Identification of discriminative metabolites between groups (E0 and E800) extracted from the PLS-DA loading plot with three different scaling methods (UV, CTR, and Par)

Metabolites (ppm) (HMDB ID) Relative quantity changes (%) (P*) UV (r #, VIP$) CTR (r #, VIP$) Par (r #, VIP$)
2-Aminoadipate (2.29) (HMDB00510) −48.3 (0.00) 0.74, 1.01 0.74, 0.09 0.74, 0.86
2-Hydroxybutyrate (0.89) (HMDB00008) −33.5 (0.00) 0.89, 1.30 0.87, 0.04 0.88, 0.69
3-Aminoisobutyrate (1.18) (HMDB03911) −55.5 (0.00) 0.90, 1.36 0.89, 0.05 0.91, 0.77
3-Hydroxyisovalerate (1.28) (HMDB00754) −45.9 (0.00) 0.88, 1.26 0.84, 0.07 0.88, 0.85
Alanine (1.50) (HMDB00161) −31.1 (0.00) 0.84, 1.03 0.82, 0.02 0.81, 0.43
Choline (3.19) (HMDB00097) −63.2 (0.00) 0.91, 1.42 0.90, 0.11 0.93, 1.02
Citrate (2.56) (HMDB00094) −57.0 (0.00) 0.90, 1.28 0.88, 0.10 0.90, 1.02
Creatine (3.96) (HMDB00064) −55.8 (0.00) 0.88, 1.30 0.92, 0.42 0.93, 2.04
Creatinine (3.05) (HMDB00562) −50.0 (0.00) 0.89, 1.26 0.90, 9.91 0.91, 10.0
Dimethylamine (2.72) (HMDB00087) −53.8 (0.00) 0.90, 1.32 0.88, 0.04 0.94, 2.46
Glycine (3.57) (HMDB00123) −49.8 (0.00) 0.83, 1.20 0.81, 0.36 0.84, 1.87
Inosine (6.08) (HMDB00195) −60.7 (0.00) 0.93, 1.42 0.97, 0.01 0.97, 0.38
Isobutyrate (1.08) (HMDB01873) −25.9 (0.00) 0.82, 1.23 0.80, 0.01 0.81, 0.41
Lactate (1.35) (HMDB00190) 800.5 (0.00) 0.97, 1.38 0.99, 32.9 0.97, 19.1
N,N-Dimethylglycine (2.93) (HMDB00092) −62.9 (0.00) 0.79, 1.24 0.79, 0.19 0.79, 1.40
N-Acetylcysteine (2.07) (HMDB01890) −42.8 (0.00) 0.91, 1.25 0.90, 0.11 0.92, 1.07
N-Acetylglutamate (2.05) (HMDB01138) −39.5 (0.00) 0.95, 1.29 0.94, 0.11 0.96, 1.08
Succinate (2.38) (HMDB00254) 211.6 (0.00) 0.97, 1.36 0.98, 0.33 0.97, 1.91
Taurine (3.43) (HMDB00251) −59.3 (0.00) 0.84, 1.20 0.75, 0.32 0.76, 1.70
Trimethylamine N-oxide (3.28) (HMDB00925) −55.0 (0.00) 0.86, 1.26 0.53, 0.90 0.51, 2.11
π-Methylhistidine (3.69) (HMDB00479) −42.9 (0.00) 0.88, 1.28 0.80, 1.38 0.82, 1.90

*P, the statistical significance value obtained from the pairwise comparisons of Student s t test.
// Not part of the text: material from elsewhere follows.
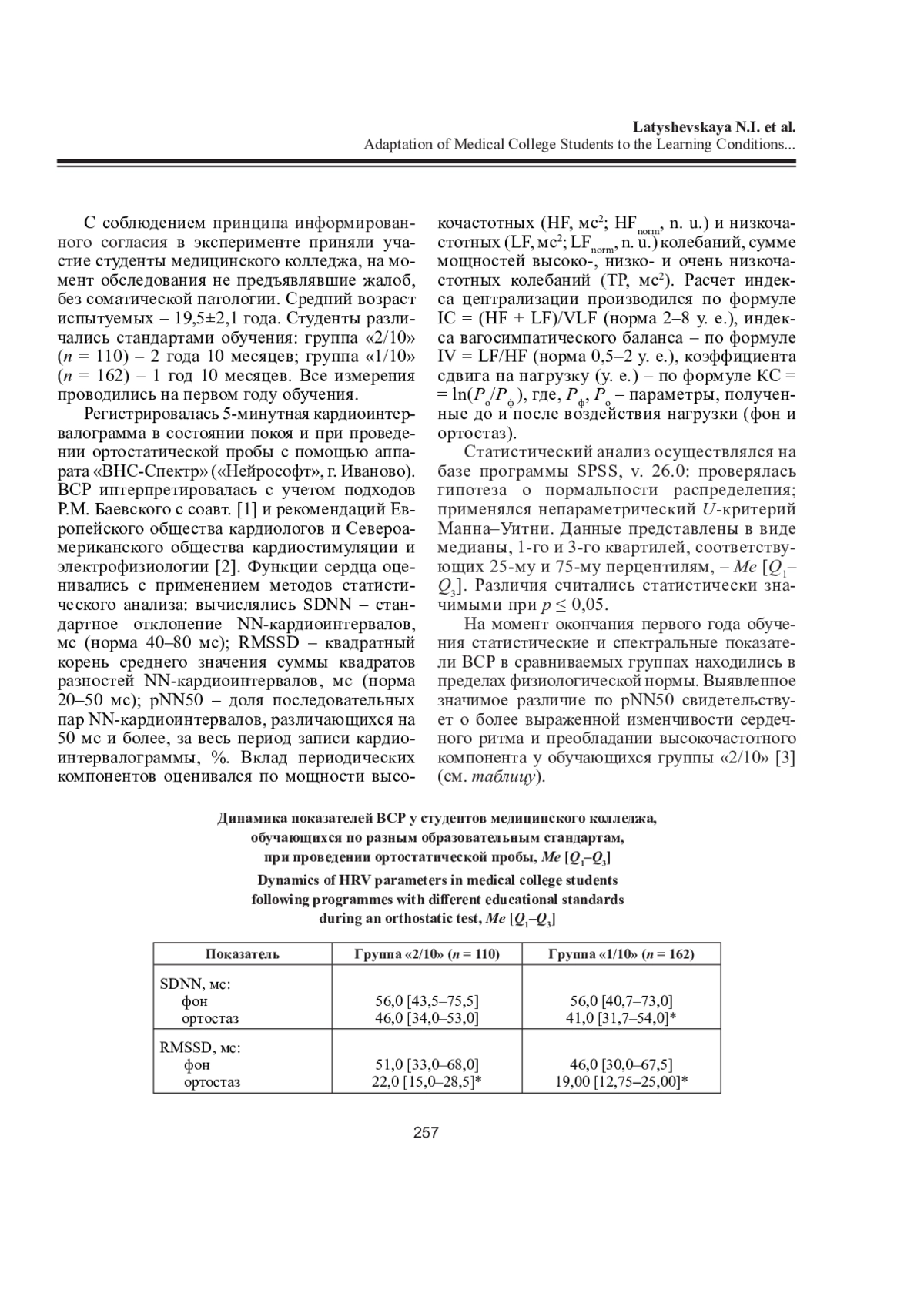 Проведен сравнительный анализ вариабельности сердечного ритма студентов медицинского колледжа, обучающихся по новому образовательному стандарту (1 год 10 месяцев; n = 110) и обучающихся 2 года 10 месяцев (n = 162). С использованием прибора «ВНС-Спектр» («Нейрософт», Россия) регистрировались параметры вариабельности сердечного ритма. В результате проведенного исследования установлено перенапряжение регуляторных механизмов сердечной деятельности у студентов, обучающихся 1 год 10 месяцев, вследствие интенсификации учебного процесса. Это обосновывает использование вариабельности сердечного ритма как показателя адаптации студентов к условиям обучения при разных образовательных стандартах и необходимость разработки комплекса профилактических мероприятий.

#The correlation coefficient value (r) obtained from E0 vs. E800 models which is greater than 0.40 suggest that the concentration of the metabolite with this value has statistical difference between groups.

$The VIP value which is greater than 1 suggests that this variable has difference between groups.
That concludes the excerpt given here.